WHAT YOU HAVE TO DO: As the answer, give exactly the lines of the records below from the one with "Nuestros yurtas son" through the one with "ブラック きれいめ ゆったり", ends included and pictures left out.

AVAILABLE RECORDS:
• • • • •
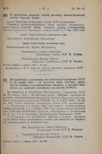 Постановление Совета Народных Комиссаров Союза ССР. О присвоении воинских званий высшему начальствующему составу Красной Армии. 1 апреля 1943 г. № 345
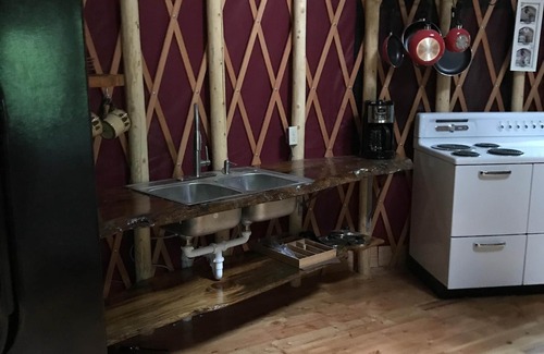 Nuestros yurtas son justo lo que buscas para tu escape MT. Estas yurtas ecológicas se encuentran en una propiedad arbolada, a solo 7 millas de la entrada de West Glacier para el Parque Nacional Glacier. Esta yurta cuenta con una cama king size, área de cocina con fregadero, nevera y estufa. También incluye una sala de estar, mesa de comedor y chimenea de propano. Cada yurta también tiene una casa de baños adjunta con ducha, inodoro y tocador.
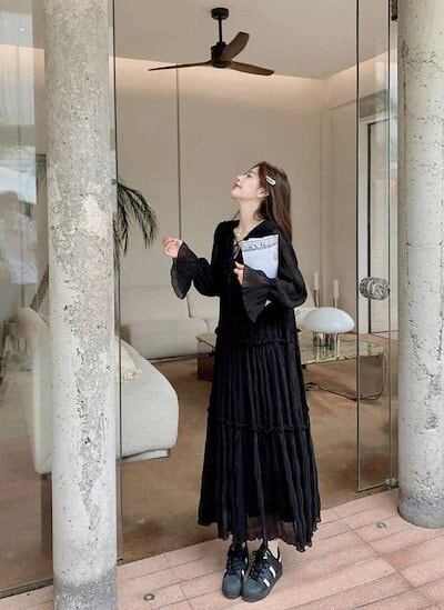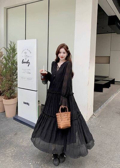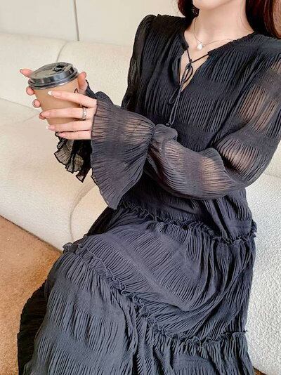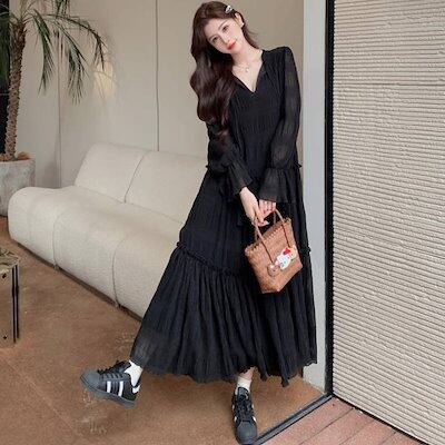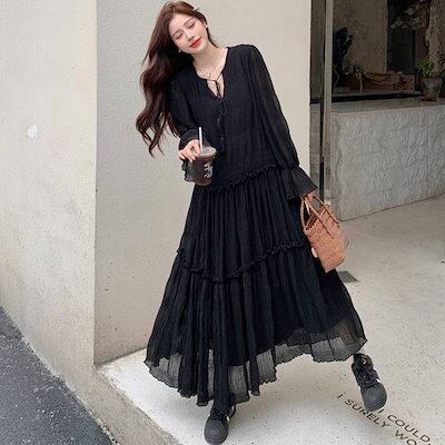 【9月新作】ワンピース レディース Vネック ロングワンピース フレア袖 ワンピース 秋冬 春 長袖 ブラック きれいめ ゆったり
• • • • •
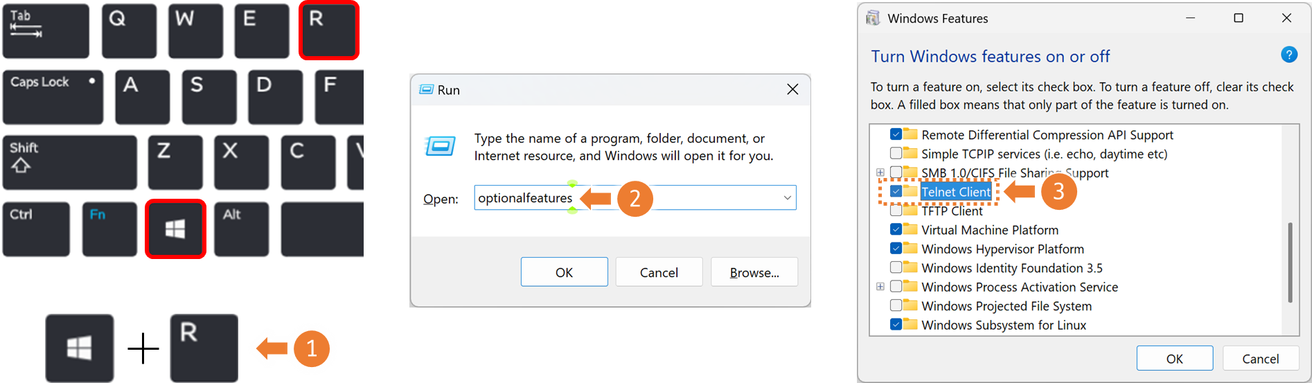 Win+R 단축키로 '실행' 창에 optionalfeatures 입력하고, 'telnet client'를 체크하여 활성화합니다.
• • • • •
RESULT BELOW:
 Nuestros yurtas son justo lo que buscas para tu escape MT. Estas yurtas ecológicas se encuentran en una propiedad arbolada, a solo 7 millas de la entrada de West Glacier para el Parque Nacional Glacier. Esta yurta cuenta con una cama king size, área de cocina con fregadero, nevera y estufa. También incluye una sala de estar, mesa de comedor y chimenea de propano. Cada yurta también tiene una casa de baños adjunta con ducha, inodoro y tocador.
 【9月新作】ワンピース レディース Vネック ロングワンピース フレア袖 ワンピース 秋冬 春 長袖 ブラック きれいめ ゆったり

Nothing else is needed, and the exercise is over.